**Assignment:** If pictures are present, leave them out, and copy the data word for word.

**Provided data:**
_ _ _ _ _ _ _
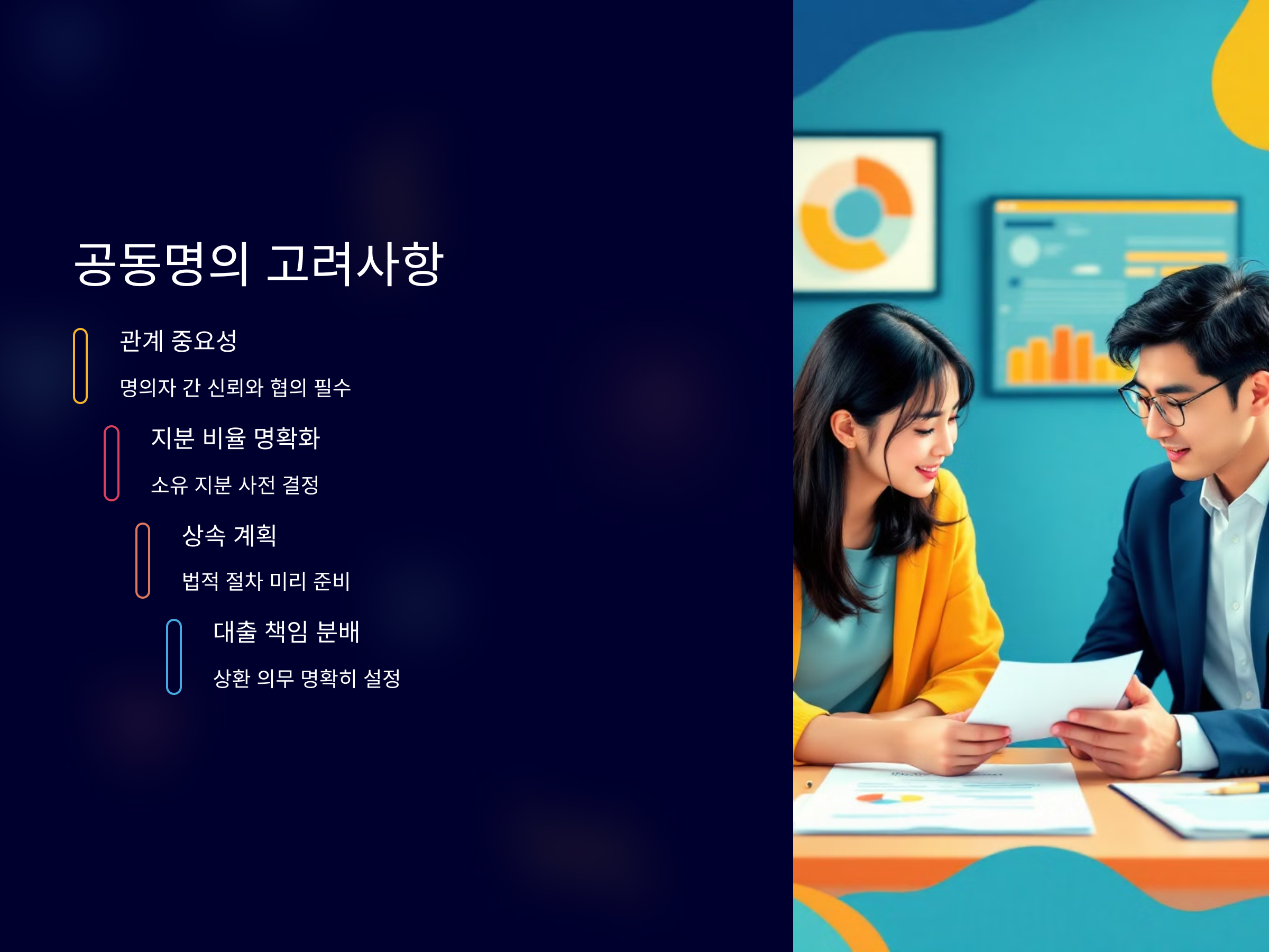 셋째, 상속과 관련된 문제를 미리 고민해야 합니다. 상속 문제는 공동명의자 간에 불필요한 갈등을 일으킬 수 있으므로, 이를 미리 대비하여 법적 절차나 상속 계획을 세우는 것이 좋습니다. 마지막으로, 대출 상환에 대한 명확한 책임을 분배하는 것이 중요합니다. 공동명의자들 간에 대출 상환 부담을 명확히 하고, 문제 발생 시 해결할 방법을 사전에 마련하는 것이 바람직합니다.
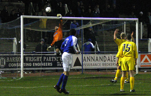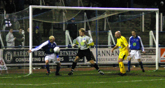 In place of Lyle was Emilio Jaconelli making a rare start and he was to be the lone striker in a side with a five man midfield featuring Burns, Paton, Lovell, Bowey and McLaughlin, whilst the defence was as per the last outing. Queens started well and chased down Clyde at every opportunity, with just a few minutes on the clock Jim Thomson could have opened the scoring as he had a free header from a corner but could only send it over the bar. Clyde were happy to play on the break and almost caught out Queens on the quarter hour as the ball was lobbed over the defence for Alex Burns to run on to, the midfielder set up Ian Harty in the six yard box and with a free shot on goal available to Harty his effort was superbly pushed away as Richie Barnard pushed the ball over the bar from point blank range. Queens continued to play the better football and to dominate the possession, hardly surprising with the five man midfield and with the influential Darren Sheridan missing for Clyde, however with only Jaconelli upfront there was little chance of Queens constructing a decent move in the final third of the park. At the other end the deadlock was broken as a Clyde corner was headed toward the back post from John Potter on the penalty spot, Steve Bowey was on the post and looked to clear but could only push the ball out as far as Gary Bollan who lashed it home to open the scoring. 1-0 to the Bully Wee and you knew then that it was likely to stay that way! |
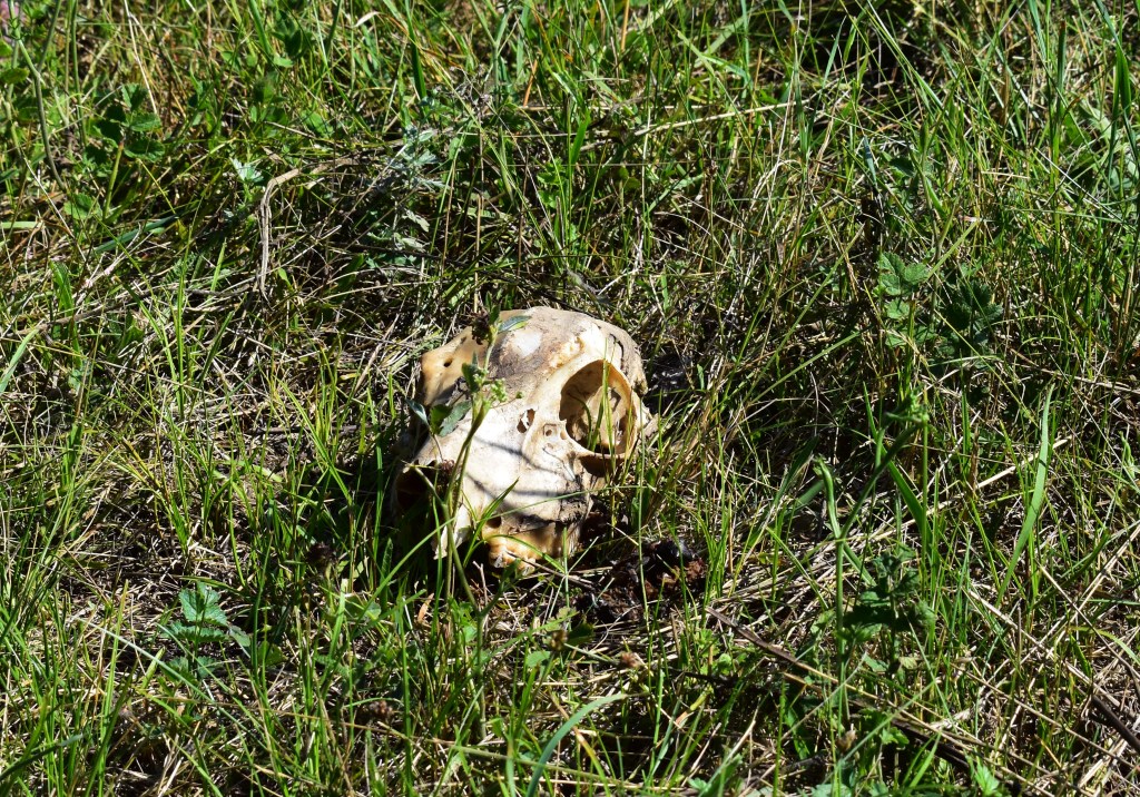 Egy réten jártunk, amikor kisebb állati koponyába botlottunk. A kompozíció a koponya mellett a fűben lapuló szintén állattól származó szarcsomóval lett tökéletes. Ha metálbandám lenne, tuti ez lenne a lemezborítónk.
_ _ _ _ _ _ _
**Result for this exercise:**
 셋째, 상속과 관련된 문제를 미리 고민해야 합니다. 상속 문제는 공동명의자 간에 불필요한 갈등을 일으킬 수 있으므로, 이를 미리 대비하여 법적 절차나 상속 계획을 세우는 것이 좋습니다. 마지막으로, 대출 상환에 대한 명확한 책임을 분배하는 것이 중요합니다. 공동명의자들 간에 대출 상환 부담을 명확히 하고, 문제 발생 시 해결할 방법을 사전에 마련하는 것이 바람직합니다.
 In place of Lyle was Emilio Jaconelli making a rare start and he was to be the lone striker in a side with a five man midfield featuring Burns, Paton, Lovell, Bowey and McLaughlin, whilst the defence was as per the last outing. Queens started well and chased down Clyde at every opportunity, with just a few minutes on the clock Jim Thomson could have opened the scoring as he had a free header from a corner but could only send it over the bar. Clyde were happy to play on the break and almost caught out Queens on the quarter hour as the ball was lobbed over the defence for Alex Burns to run on to, the midfielder set up Ian Harty in the six yard box and with a free shot on goal available to Harty his effort was superbly pushed away as Richie Barnard pushed the ball over the bar from point blank range. Queens continued to play the better football and to dominate the possession, hardly surprising with the five man midfield and with the influential Darren Sheridan missing for Clyde, however with only Jaconelli upfront there was little chance of Queens constructing a decent move in the final third of the park. At the other end the deadlock was broken as a Clyde corner was headed toward the back post from John Potter on the penalty spot, Steve Bowey was on the post and looked to clear but could only push the ball out as far as Gary Bollan who lashed it home to open the scoring. 1-0 to the Bully Wee and you knew then that it was likely to stay that way! |
 Egy réten jártunk, amikor kisebb állati koponyába botlottunk. A kompozíció a koponya mellett a fűben lapuló szintén állattól származó szarcsomóval lett tökéletes. Ha metálbandám lenne, tuti ez lenne a lemezborítónk.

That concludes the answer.